BEGIN Given entries

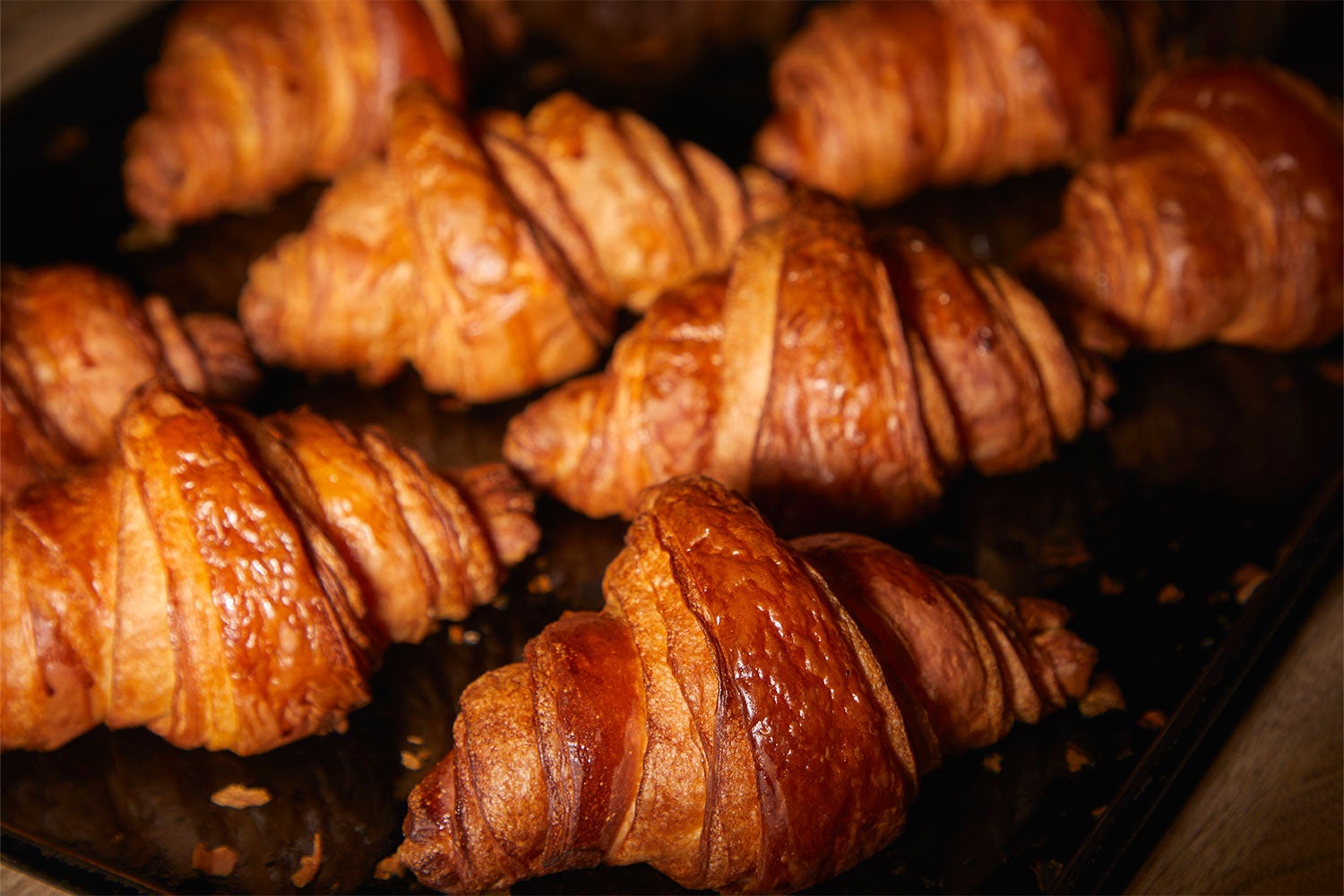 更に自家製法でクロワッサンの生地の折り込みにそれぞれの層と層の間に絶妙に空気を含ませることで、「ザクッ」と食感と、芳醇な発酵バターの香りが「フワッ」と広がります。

END Given entries
BEGIN Given entries

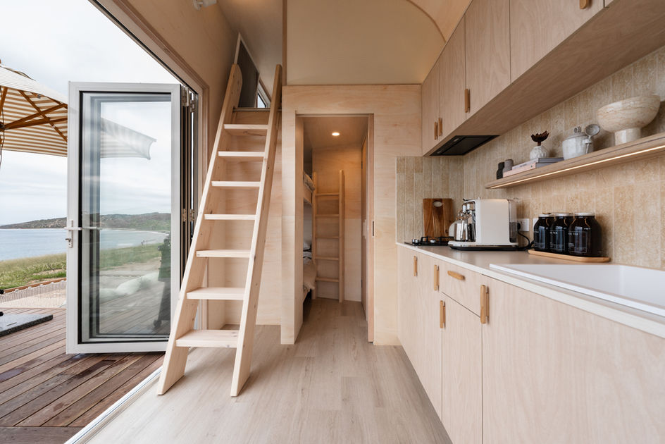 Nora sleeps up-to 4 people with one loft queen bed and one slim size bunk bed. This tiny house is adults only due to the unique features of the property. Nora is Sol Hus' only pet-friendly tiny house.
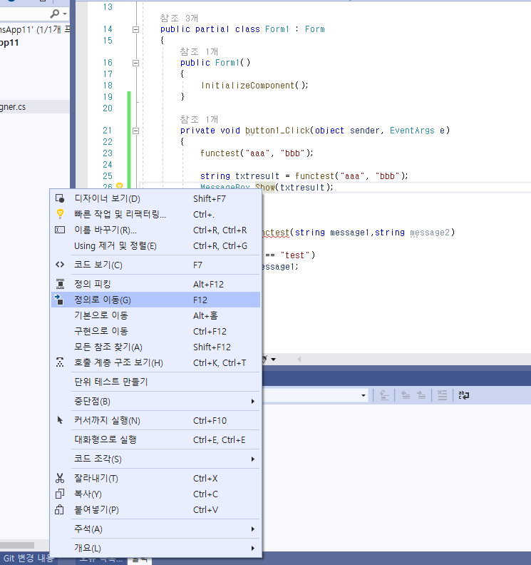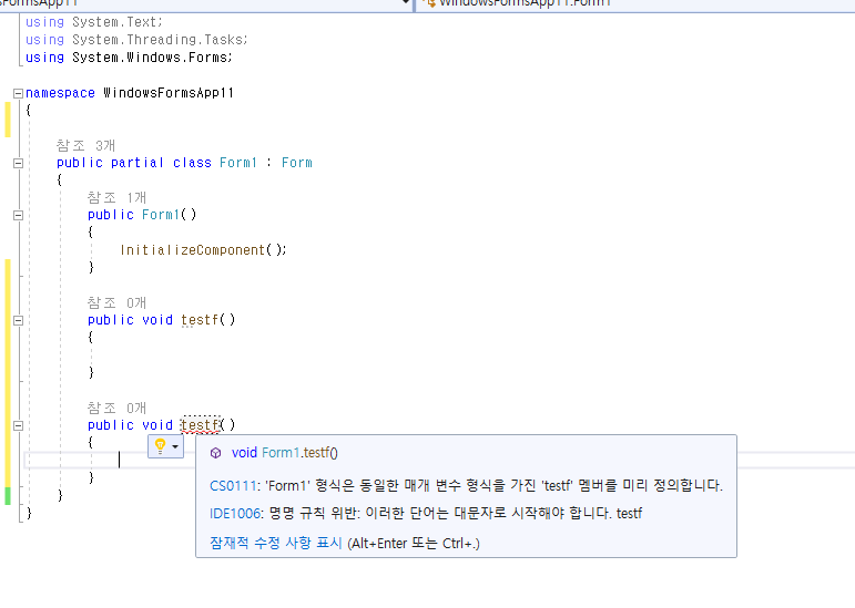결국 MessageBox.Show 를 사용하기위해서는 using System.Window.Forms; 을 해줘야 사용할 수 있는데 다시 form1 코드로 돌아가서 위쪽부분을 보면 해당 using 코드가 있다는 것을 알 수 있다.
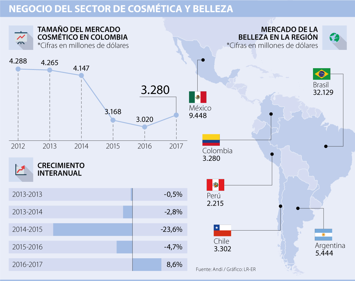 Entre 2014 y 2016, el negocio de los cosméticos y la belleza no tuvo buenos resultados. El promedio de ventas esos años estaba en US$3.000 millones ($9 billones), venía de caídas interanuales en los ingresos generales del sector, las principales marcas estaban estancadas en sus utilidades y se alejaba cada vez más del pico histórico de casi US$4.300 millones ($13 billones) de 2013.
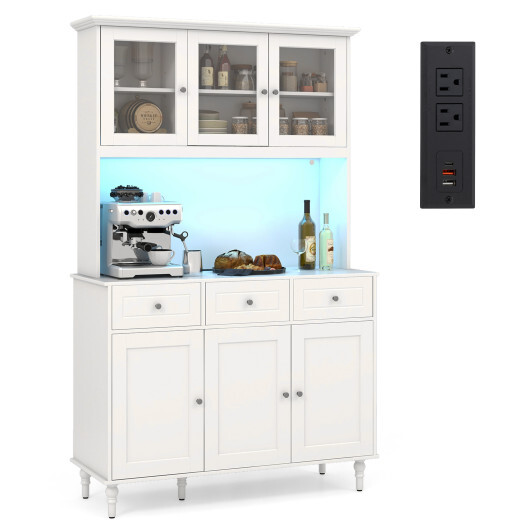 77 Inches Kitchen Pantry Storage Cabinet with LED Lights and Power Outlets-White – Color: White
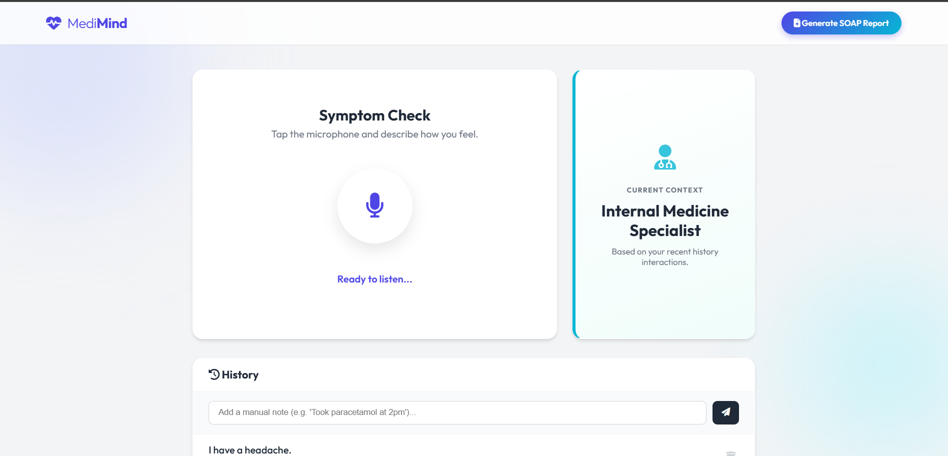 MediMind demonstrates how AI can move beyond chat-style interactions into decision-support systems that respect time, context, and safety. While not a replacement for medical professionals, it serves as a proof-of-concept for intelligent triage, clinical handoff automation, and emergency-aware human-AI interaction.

END Given entries
BEGIN Given entries

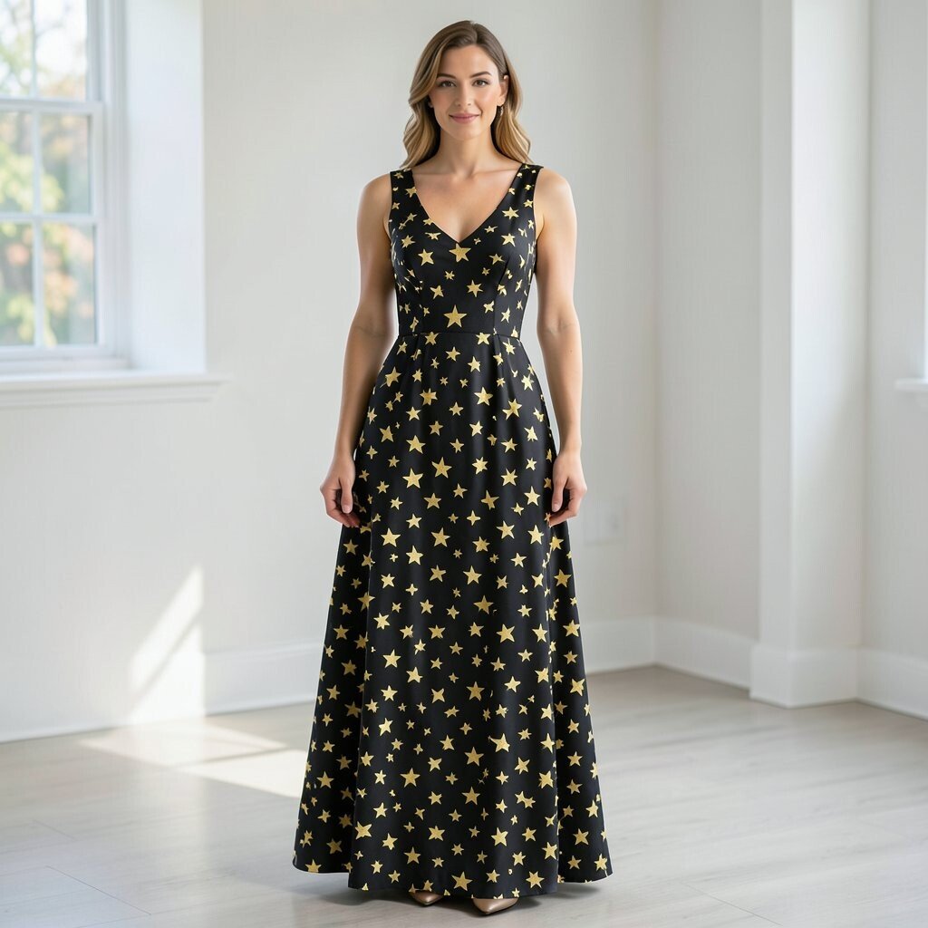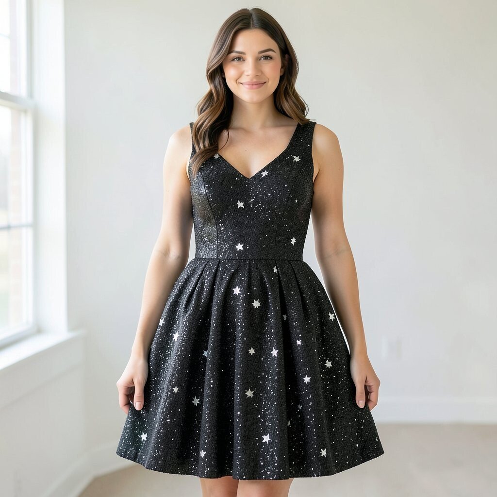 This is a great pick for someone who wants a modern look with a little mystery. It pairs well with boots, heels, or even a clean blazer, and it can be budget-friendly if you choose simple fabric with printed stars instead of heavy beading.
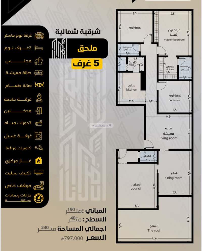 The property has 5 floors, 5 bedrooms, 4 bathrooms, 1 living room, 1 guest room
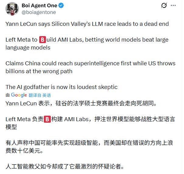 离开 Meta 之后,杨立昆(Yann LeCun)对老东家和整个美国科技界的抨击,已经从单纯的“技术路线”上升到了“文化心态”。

END Given entries

• Problem description: Give back exactly, and solely, the section of the data above bounded by the line containing "77 Inches Kitchen" and the line containing "MediMind demonstrates how", both bounding lines included and pictures omitted.

• Response:
 77 Inches Kitchen Pantry Storage Cabinet with LED Lights and Power Outlets-White – Color: White
 MediMind demonstrates how AI can move beyond chat-style interactions into decision-support systems that respect time, context, and safety. While not a replacement for medical professionals, it serves as a proof-of-concept for intelligent triage, clinical handoff automation, and emergency-aware human-AI interaction.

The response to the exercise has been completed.